> About this task
Output only the lines that run from the line holding "27 июля почта" to the end of the entries, both ends included, and skip the pictures.

####################

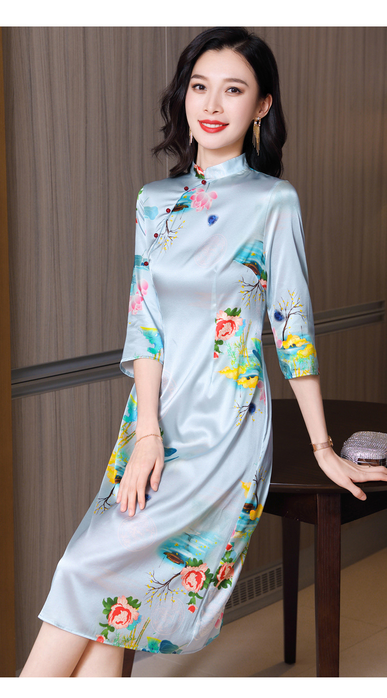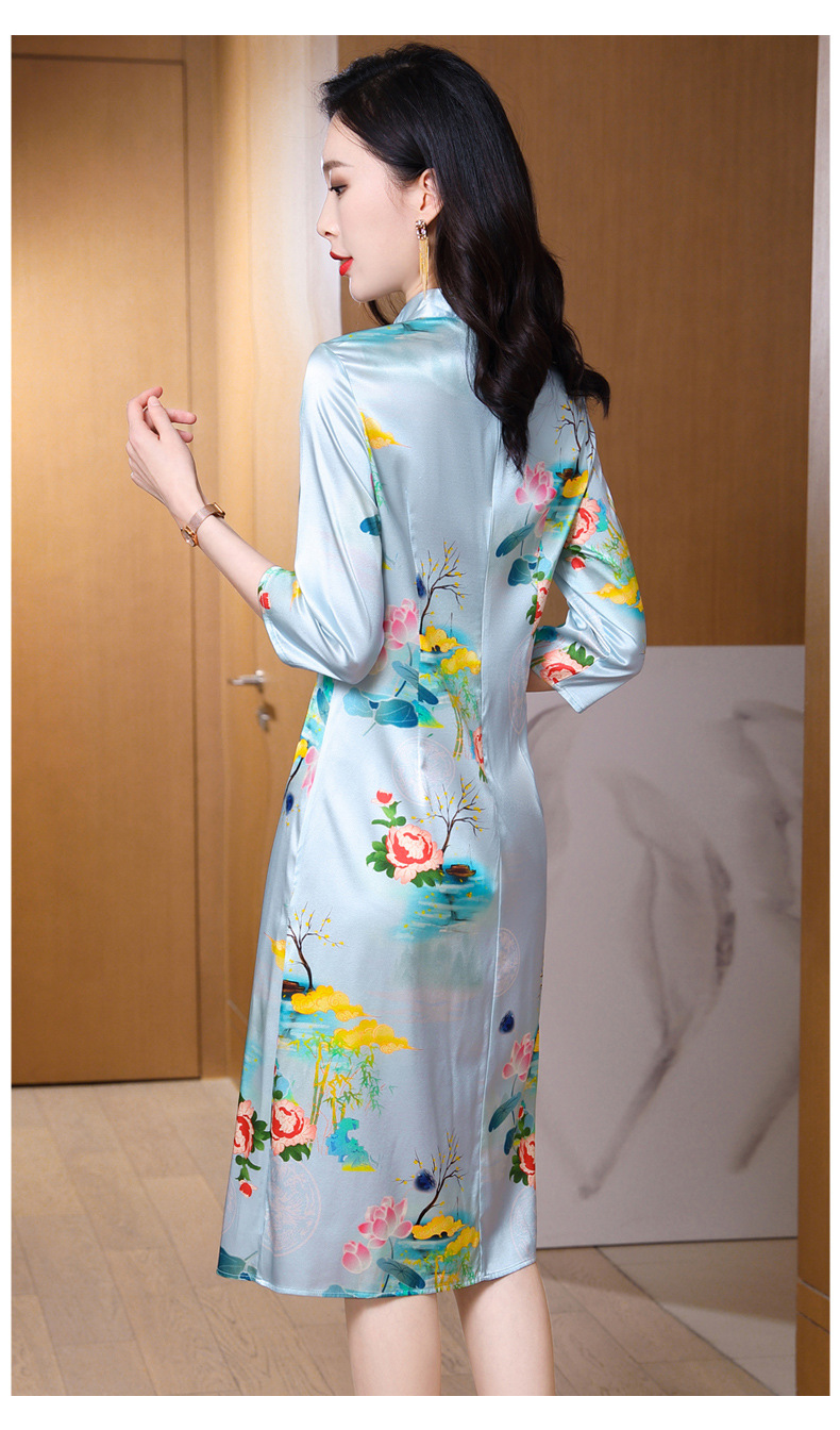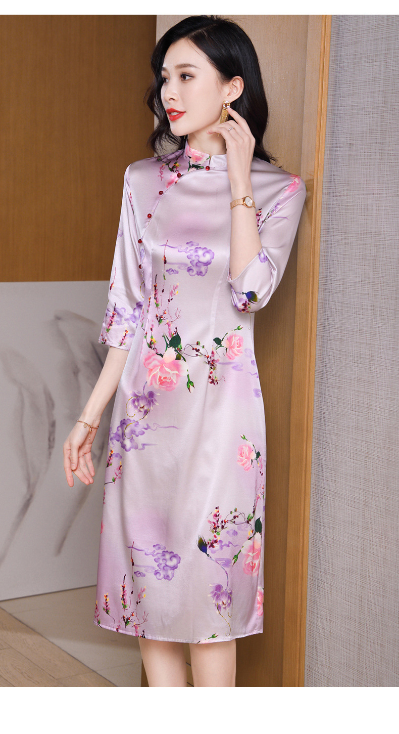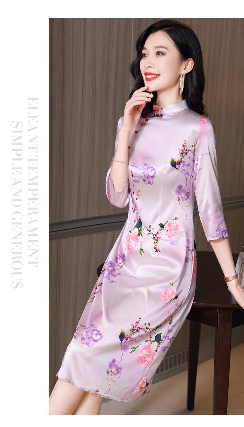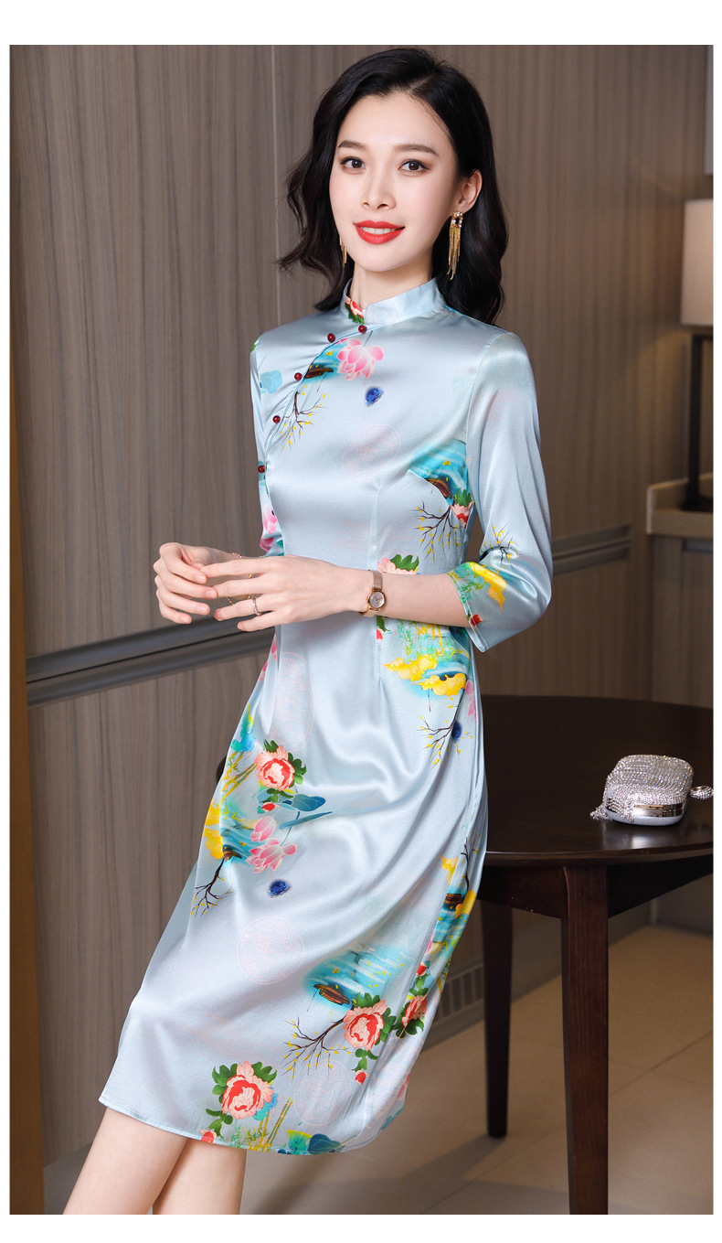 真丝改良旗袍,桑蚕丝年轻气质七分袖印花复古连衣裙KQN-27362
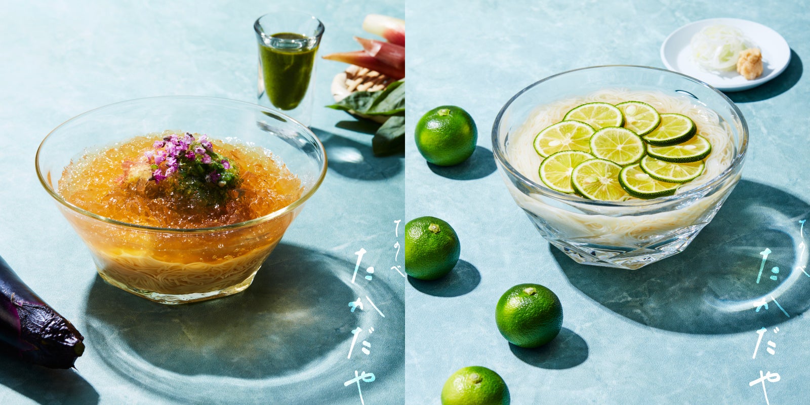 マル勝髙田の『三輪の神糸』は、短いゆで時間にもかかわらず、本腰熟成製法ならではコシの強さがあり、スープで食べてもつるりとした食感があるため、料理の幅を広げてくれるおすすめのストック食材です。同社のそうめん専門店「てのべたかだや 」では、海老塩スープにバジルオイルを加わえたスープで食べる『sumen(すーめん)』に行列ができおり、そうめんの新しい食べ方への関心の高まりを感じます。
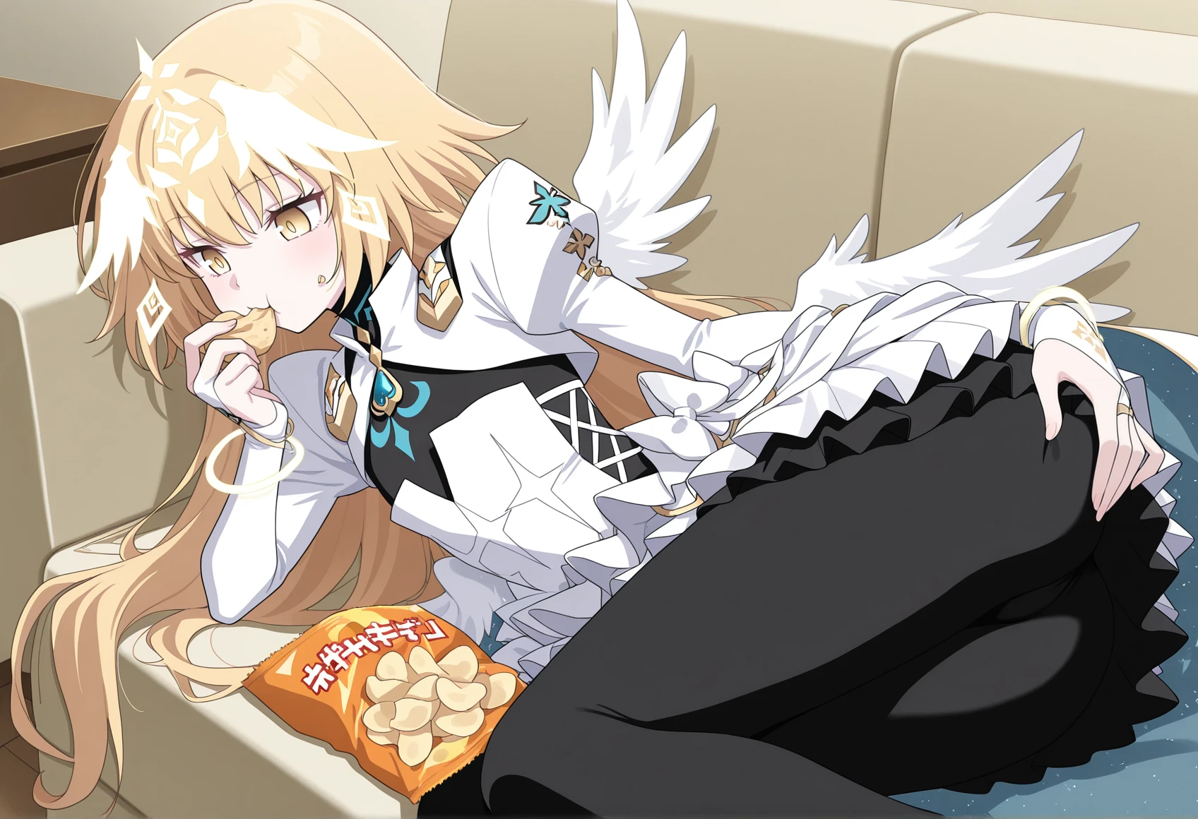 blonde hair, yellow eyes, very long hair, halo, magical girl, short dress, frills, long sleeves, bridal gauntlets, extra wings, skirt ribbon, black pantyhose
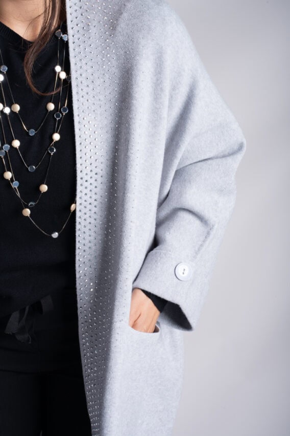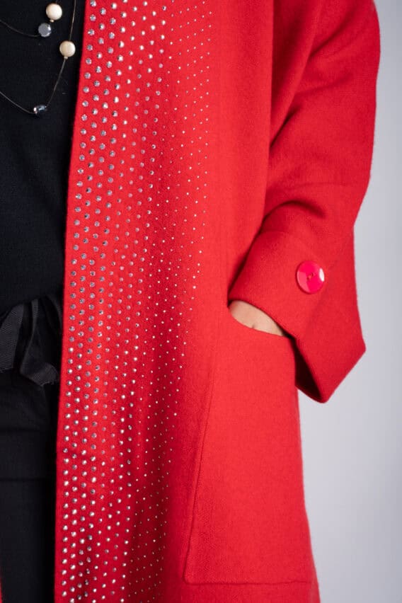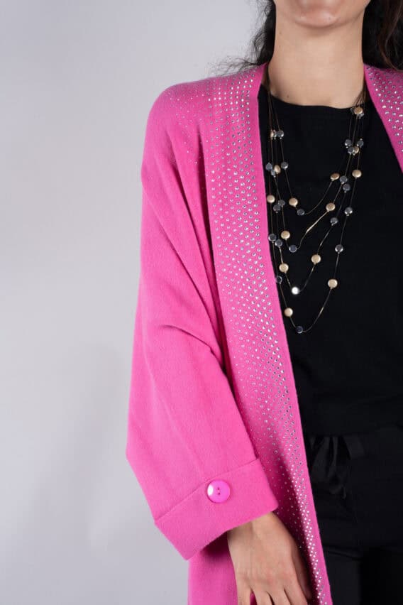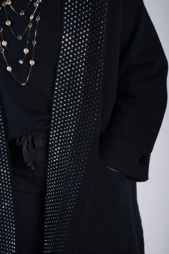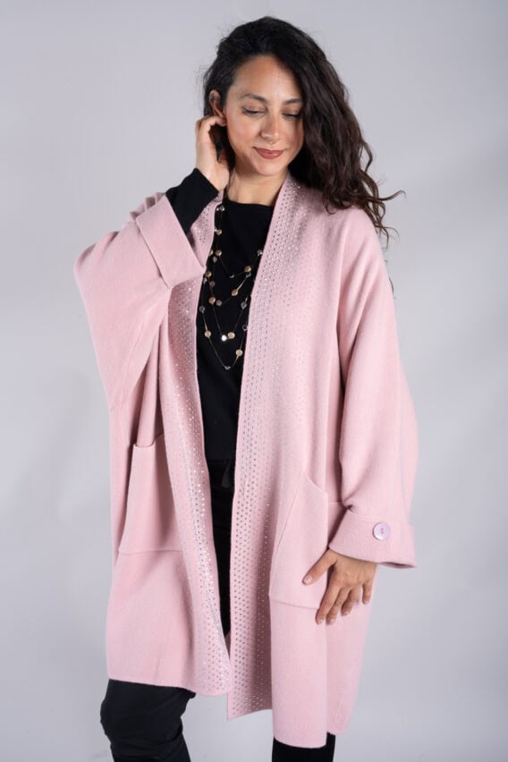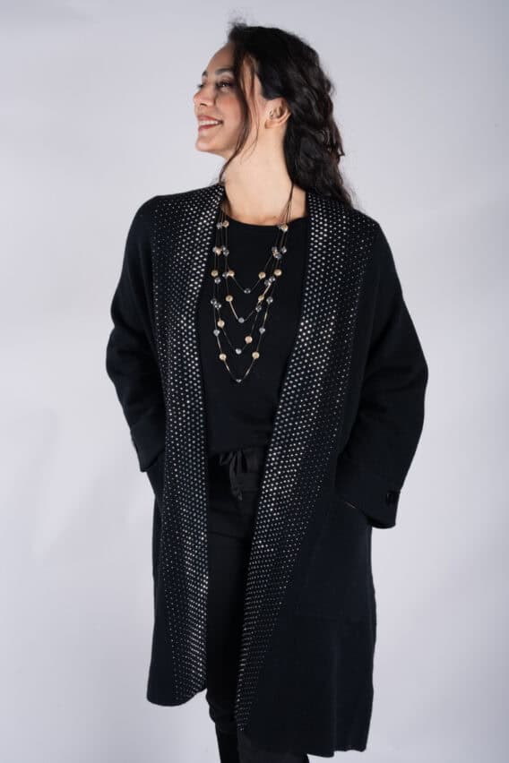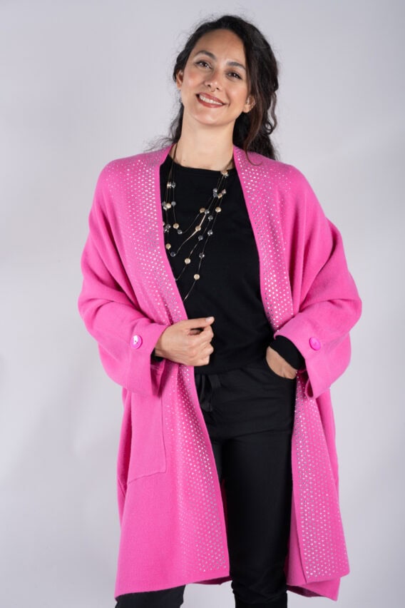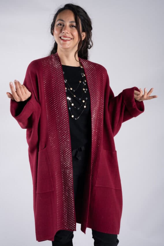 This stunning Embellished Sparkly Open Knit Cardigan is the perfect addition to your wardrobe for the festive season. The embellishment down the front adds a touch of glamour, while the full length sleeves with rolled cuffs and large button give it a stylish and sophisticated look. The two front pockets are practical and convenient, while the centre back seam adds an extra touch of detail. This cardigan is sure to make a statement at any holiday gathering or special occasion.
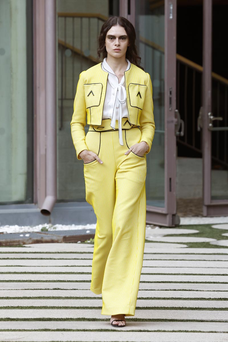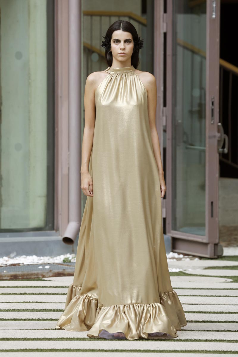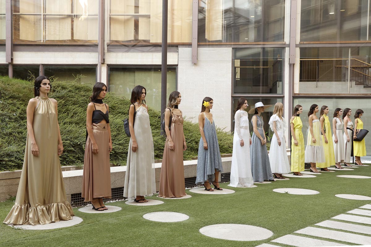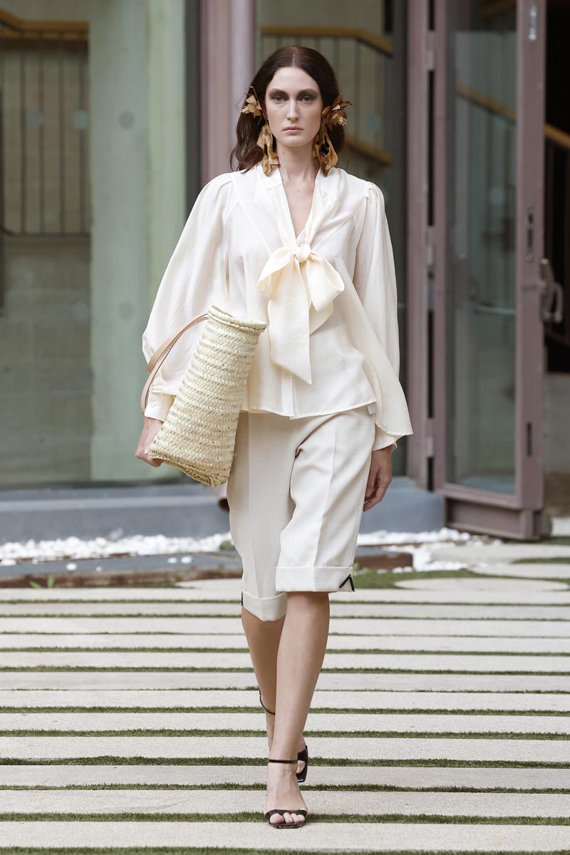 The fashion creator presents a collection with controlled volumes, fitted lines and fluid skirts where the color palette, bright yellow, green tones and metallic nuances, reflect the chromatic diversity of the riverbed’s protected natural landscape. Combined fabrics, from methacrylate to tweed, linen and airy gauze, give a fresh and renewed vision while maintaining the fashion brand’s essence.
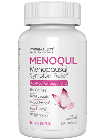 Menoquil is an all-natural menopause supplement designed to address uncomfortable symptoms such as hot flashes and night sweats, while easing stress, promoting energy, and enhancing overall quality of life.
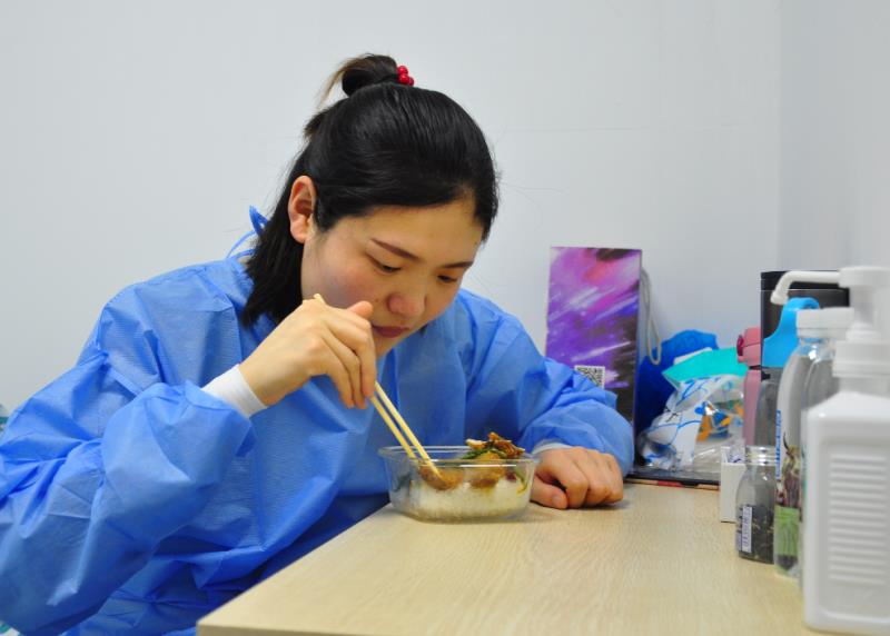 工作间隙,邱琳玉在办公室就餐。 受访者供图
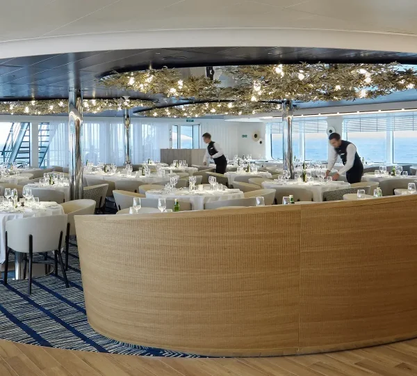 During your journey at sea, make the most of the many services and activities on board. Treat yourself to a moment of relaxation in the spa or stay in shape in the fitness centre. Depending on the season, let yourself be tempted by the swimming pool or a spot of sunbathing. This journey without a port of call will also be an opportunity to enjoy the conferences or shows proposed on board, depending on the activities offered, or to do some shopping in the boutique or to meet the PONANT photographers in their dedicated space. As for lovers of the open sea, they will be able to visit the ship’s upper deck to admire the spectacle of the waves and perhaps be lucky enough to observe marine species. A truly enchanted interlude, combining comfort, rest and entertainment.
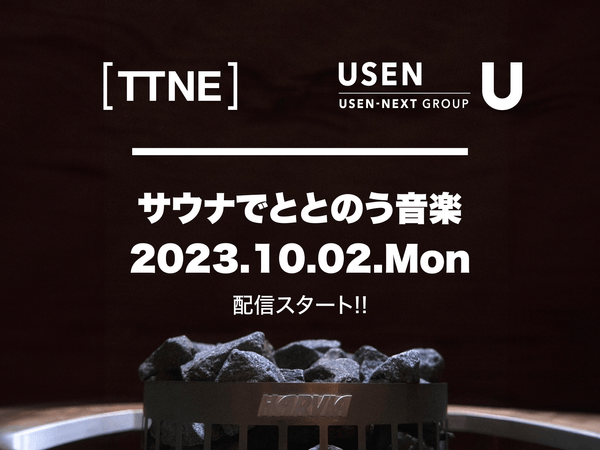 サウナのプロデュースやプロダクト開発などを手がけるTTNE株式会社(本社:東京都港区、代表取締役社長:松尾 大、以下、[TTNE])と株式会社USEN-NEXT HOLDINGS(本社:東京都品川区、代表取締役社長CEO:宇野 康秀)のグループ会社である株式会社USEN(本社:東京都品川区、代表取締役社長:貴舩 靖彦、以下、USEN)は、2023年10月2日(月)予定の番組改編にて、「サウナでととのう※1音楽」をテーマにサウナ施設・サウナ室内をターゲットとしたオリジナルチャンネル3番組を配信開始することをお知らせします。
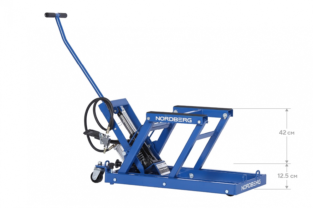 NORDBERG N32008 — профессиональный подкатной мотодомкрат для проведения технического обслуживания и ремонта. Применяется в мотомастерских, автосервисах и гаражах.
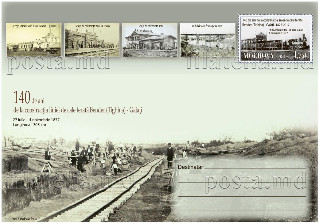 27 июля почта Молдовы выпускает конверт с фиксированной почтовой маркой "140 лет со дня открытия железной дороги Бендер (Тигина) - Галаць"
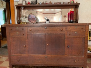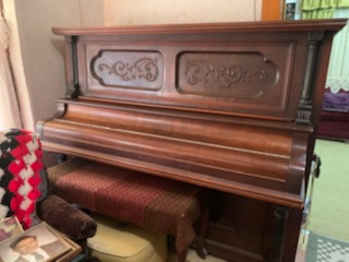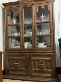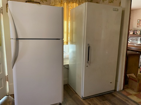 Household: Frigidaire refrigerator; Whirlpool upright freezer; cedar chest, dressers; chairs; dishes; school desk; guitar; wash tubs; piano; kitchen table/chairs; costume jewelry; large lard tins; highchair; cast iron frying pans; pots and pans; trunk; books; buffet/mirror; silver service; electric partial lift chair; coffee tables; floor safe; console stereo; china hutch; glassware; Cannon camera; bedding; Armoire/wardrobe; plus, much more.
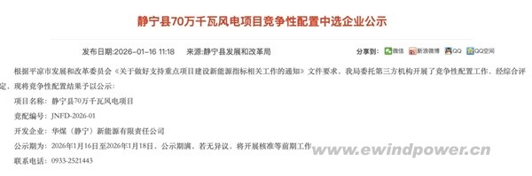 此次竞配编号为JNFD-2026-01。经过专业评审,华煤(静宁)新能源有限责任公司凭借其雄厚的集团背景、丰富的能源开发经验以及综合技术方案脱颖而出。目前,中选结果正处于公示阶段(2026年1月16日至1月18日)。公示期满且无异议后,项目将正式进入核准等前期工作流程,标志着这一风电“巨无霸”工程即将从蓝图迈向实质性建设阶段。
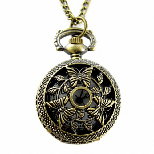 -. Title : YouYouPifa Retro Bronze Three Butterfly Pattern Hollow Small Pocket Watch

####################

> Answer for this exercise
 27 июля почта Молдовы выпускает конверт с фиксированной почтовой маркой "140 лет со дня открытия железной дороги Бендер (Тигина) - Галаць"
 Household: Frigidaire refrigerator; Whirlpool upright freezer; cedar chest, dressers; chairs; dishes; school desk; guitar; wash tubs; piano; kitchen table/chairs; costume jewelry; large lard tins; highchair; cast iron frying pans; pots and pans; trunk; books; buffet/mirror; silver service; electric partial lift chair; coffee tables; floor safe; console stereo; china hutch; glassware; Cannon camera; bedding; Armoire/wardrobe; plus, much more.
 此次竞配编号为JNFD-2026-01。经过专业评审,华煤(静宁)新能源有限责任公司凭借其雄厚的集团背景、丰富的能源开发经验以及综合技术方案脱颖而出。目前,中选结果正处于公示阶段(2026年1月16日至1月18日)。公示期满且无异议后,项目将正式进入核准等前期工作流程,标志着这一风电“巨无霸”工程即将从蓝图迈向实质性建设阶段。
 -. Title : YouYouPifa Retro Bronze Three Butterfly Pattern Hollow Small Pocket Watch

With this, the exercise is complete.